退職するときに、退職日をその月の最終日(月末)その前日(月末前日)のどちらにするか?

どちらが得か損かなど、聞いたことがあるかもしれません。

実は、その1日の差で、保険料の支払いに違いが出ます。

あとから後悔しないために、自分の退職(転職)プランに合うのは、どちらなのか事前に知っておきましょう。

月末退職と月末前日退職についてご紹介します。

月末退職と月末前日退職

退職とは

退職とは、企業と従業員が雇用関係(労働契約)を終了して、従業員が企業を辞めることです。

雇用関係が終了するには、いくつかのパターンがありますが、自己都合退職では、従業員からの意思表示により成立します。

就業規則などの社内ルールに従って、従業員が退職する時期を決めることができるといえます。

雇用関係の終了

  1. 自己都合退職
  2. 契約期間の満了
  3. 合意解約
  4. 解雇
  5. 会社の解散等

社会保険の負担

社会保険とは、「厚生年金」「健康保険」「介護保険」のことです。

広い意味では、労働保険の「雇用保険」「労災保険」とあわせて、公的保険を意味して使われます。

適用事業所はこれらの公的保険に加入しなければなりません。

労災保険は全額会社負担ですが、その他の保険料は従業員にも負担分があり、従業員が負担する保険料は毎月の給与から控除されています。

社会保険の保険料

厚生年金、健康保険の保険料は、標準報酬月額に保険料率をかけて計算され、日割りという考え方はありません。

介護保険料の支払いは40歳からです。

労働保険の保険料

雇用保険の保険料は、実際に支払われた給与に保険料率をかけて計算されますので、日割りであれば日割りした給与をベースに計算すればよいことになります。

労災保険の保険料は全額会社負担ですので、保険料の給与控除はありません。

保険料の支払い

厚生年金や健康保険の社会保険料は「資格喪失日(退職日の翌日)の属する月の前月まで徴収される」と定められています。

3月31日付で退職する人は、翌日の4月1日に被保険者資格を失いますので、前月である3月分まで徴収(給与控除)となります。

3月30日付で退職する人は、3月31日に資格を失いますので、前月である2月分まで徴収となります。

1日の違いで1ヵ月分の保険料の支払いに差が出ます。

厚生年金の手続き

3月30日付の退職であれば、3月分の厚生年金の保険料は徴収されませんが、国民年金には加入して保険料を支払う必要があります。

厚生年金より国民年金の保険料の方が安いかもしれませんので、しばらく会社に勤務しない人にとっては、負担が軽くなるといえます。

しかし、将来、受け取る年金額は減ることになります。

4月1日から次の会社への入社が決まっているような場合、3月の1ヵ月分だけ国民年金に加入することは、手続きが煩雑になり、ほとんどメリットはないといえるでしょう。

健康保険の手続き

3月30日付で退職して、4月1日に次の会社へ入社するような場合、3月分の保険料は支払わずに、3月30日までは今の会社の健康保険が使えます。

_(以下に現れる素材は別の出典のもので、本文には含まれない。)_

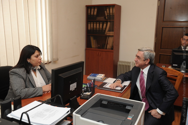 Նախագահ Սերժ Սարգսյանն այսօր այցելել է Տարածքային կառավարման նախարարություն և խորհրդակցություն անցկացրել ղեկավար անձնակազմի հետ՝ տարածքային կառավարման նախարարության գործունեության հիմնական ուղղություններով իրականացված աշխատանքների ու խնդիրների վերաբերյալ, հանդիպման ավարտին պատասխանել նաև նախարարության աշխատակիցներին հետաքրքրող հարցերին: Մինչ խորհրդակցությունը, Հանրապետության Նախագահը շրջայց է կատարել նախարարությունում, ծանոթացել աշխատակազմի ստորաբաժանումների աշխատանքային պայմաններին, զրուցել աշխատակիցների հետ` նրանց կողմից իրականացվող աշխատանքների, առկա խնդիրների, զարգացման հեռանկարների շուրջ: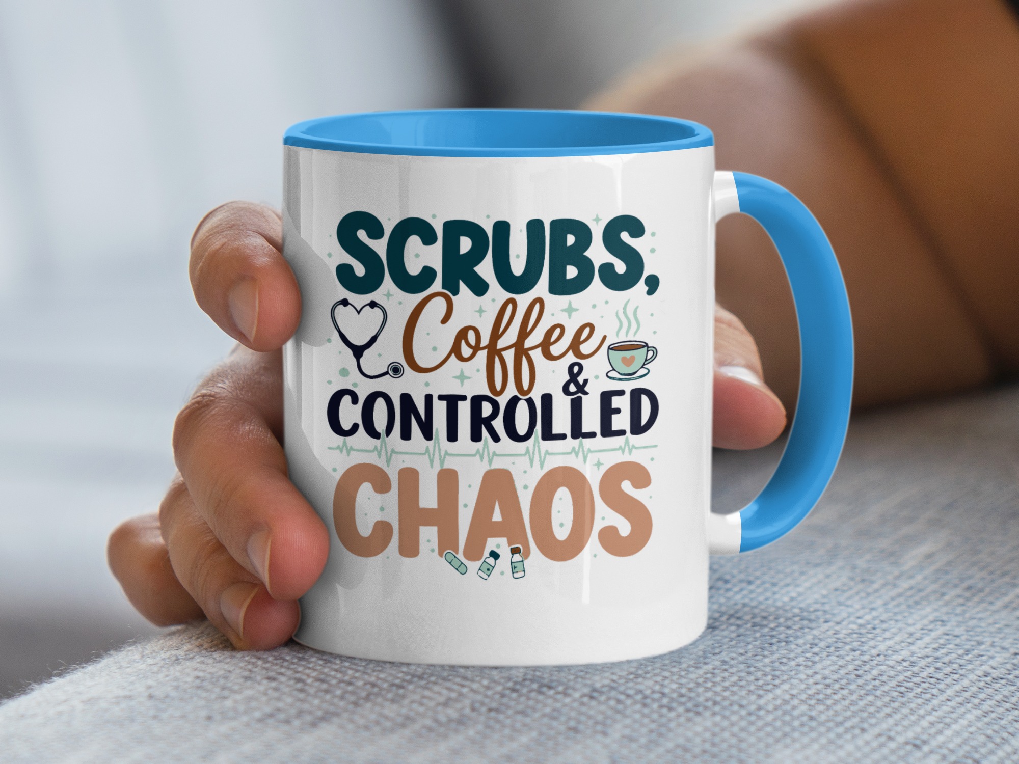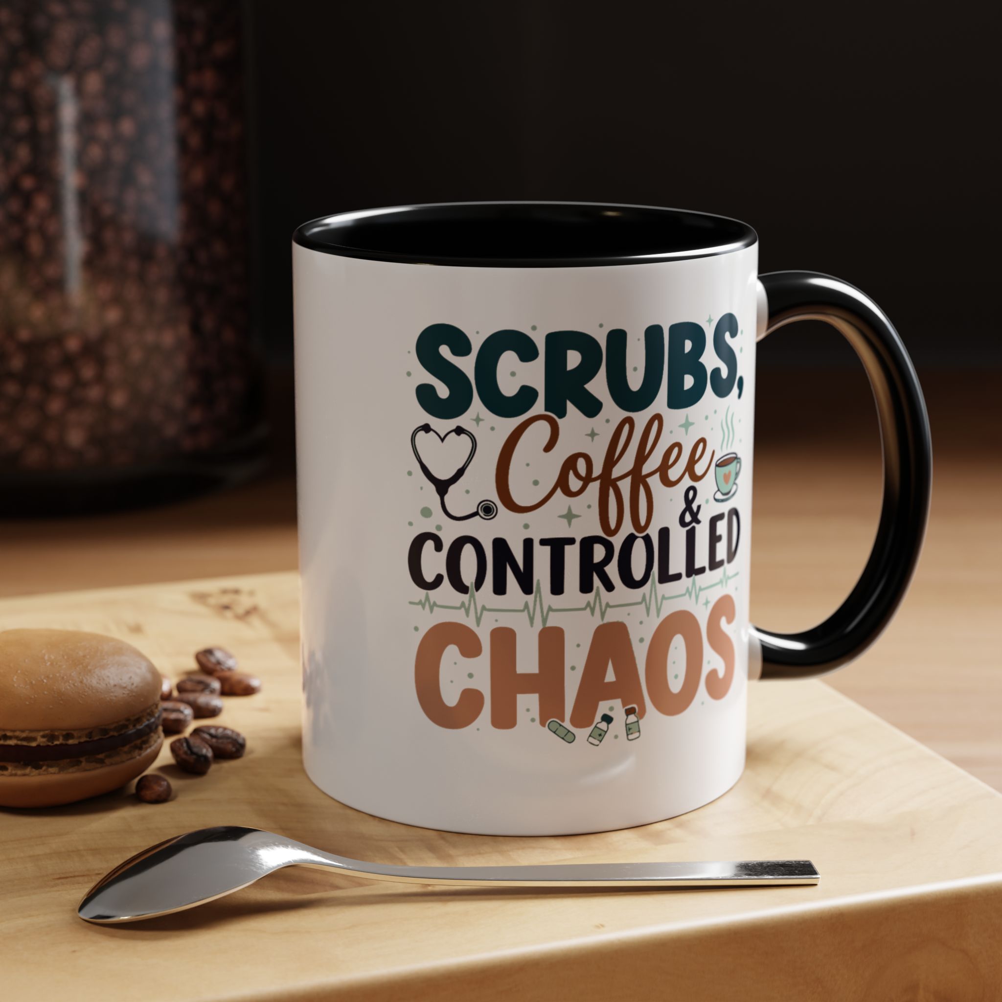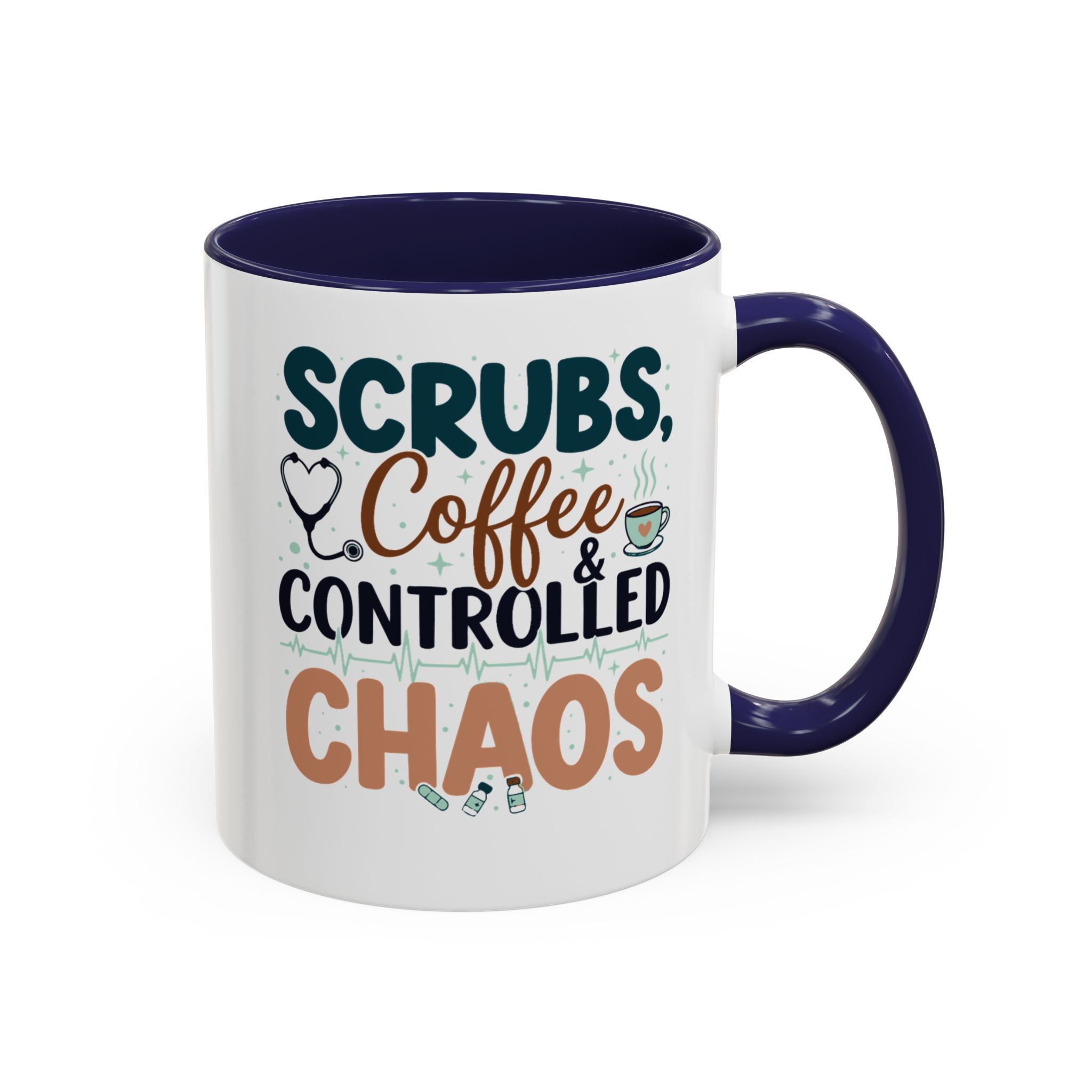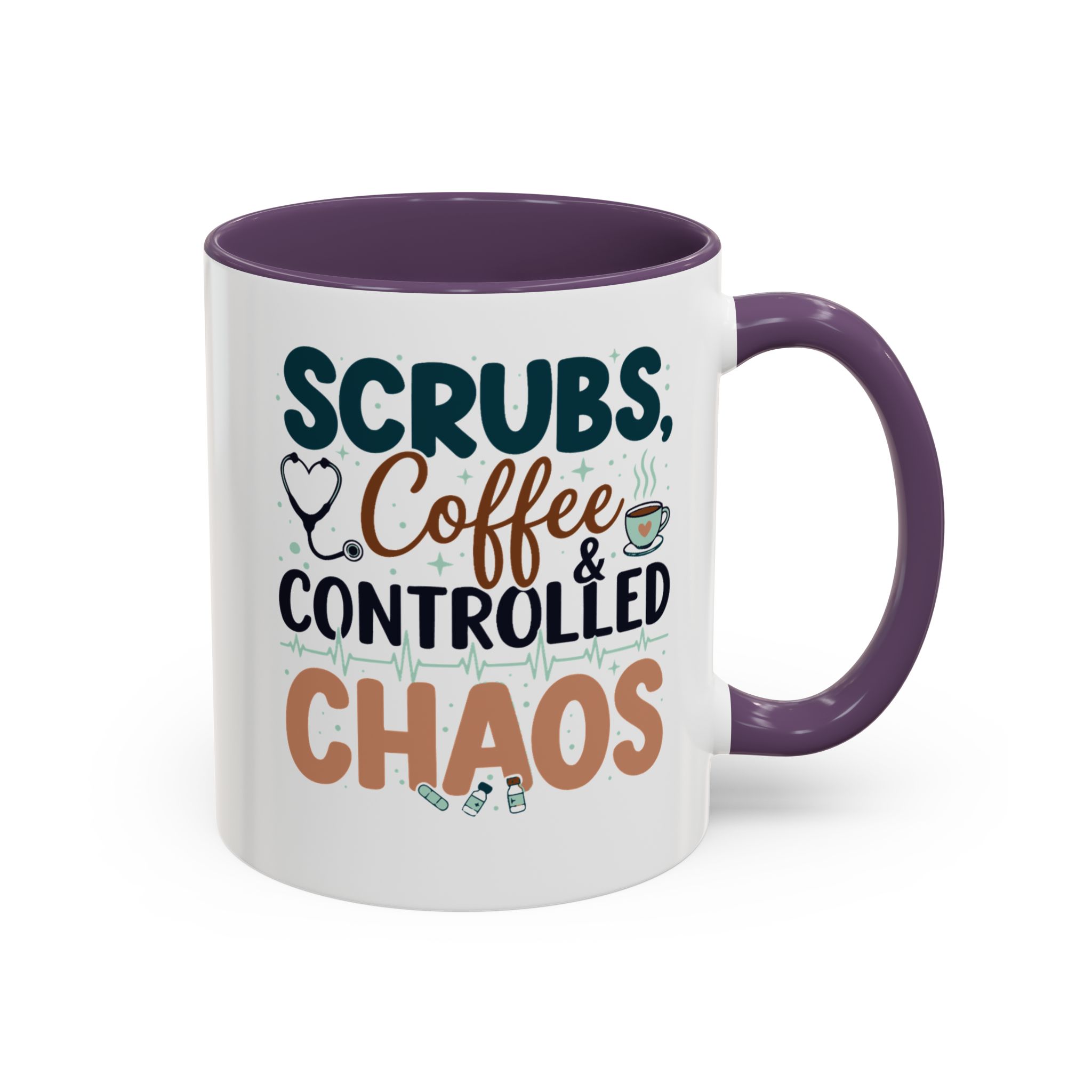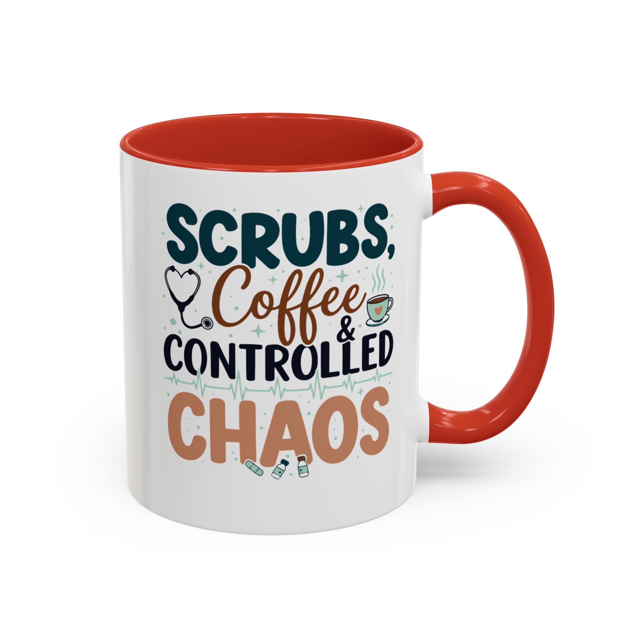 Morning chaos, contained. This ceramic mug holds those moments between bleary eyes and the first steady sip—lively, a little loud, and oddly comforting. The bold color contrast between the white exterior and the colored interior and handle feels like a wink on a hectic shift, an accessory that stands up to repeated use while keeping its pop. It fits into scrubs pockets between rounds, waits patiently on nurse stations, and brings a small, bright pause to breakroom conversations during overnight calls or early shifts. The glossy finish and crisp, vibrant print keep the design readable through countless washes, and the generous 11 oz or 15 oz options mean you can choose a short, strong dose of caffeine or a longer, slow-sip rescue. Safe for microwave and dishwasher, lead- and BPA-free—this mug is built to handle the controlled chaos of clinical life without fuss.

退職後、本来は国民健康保険に加入しなければなりませんが、3月31日の1日はケガや病気をしないように、あるいは病院へ行くのを我慢して、4月1日からは次の会社の健康保険に入ることで、1ヵ月分の健康保険料は徴収されません。

当然ですが、保険に加入していない31日に病院にかかるような事態になれば、全額自己負担となりますので、あまりおすすめはできません。

退職日と最終出社日

退職日の決め方

退職日は雇用契約を終了する日で、最終出社日は最後に会社に行く日です。

退職日と最終出社日は、同じ日でなければならないと思っていませんか?

退職日と最終出社日は、同じ日ではなくても大丈夫です。

月末の最終日が日曜日に当たる場合、土日は会社が休みだからという理由で、退職日をその月の最終金曜日などにする必要はありません。

月末退職にしないことで、1ヵ月分の保険料は徴収されませんが、自分でしなければならない手続きが出てきますし、その手続きをしないことで、年金に空白期間ができてしまうことになります。

月末退職と月末前日退職のどちらがよいかは個人の状況やそのあとの予定によって変わってきます。

再就職・転職する場合

退職後、すぐに次の勤め先で働くことが決まっているような場合には、次の勤務との空白ができない日を退職日に決めましょう。

退職日が休日となり出社しない日であっても、退職日として問題ありません。

その場合、退職日と最終出社日が別の日になるということです。

退職金制度がある場合

退職金は任意の制度ですので、退職するときに誰でももらえるというものではありません。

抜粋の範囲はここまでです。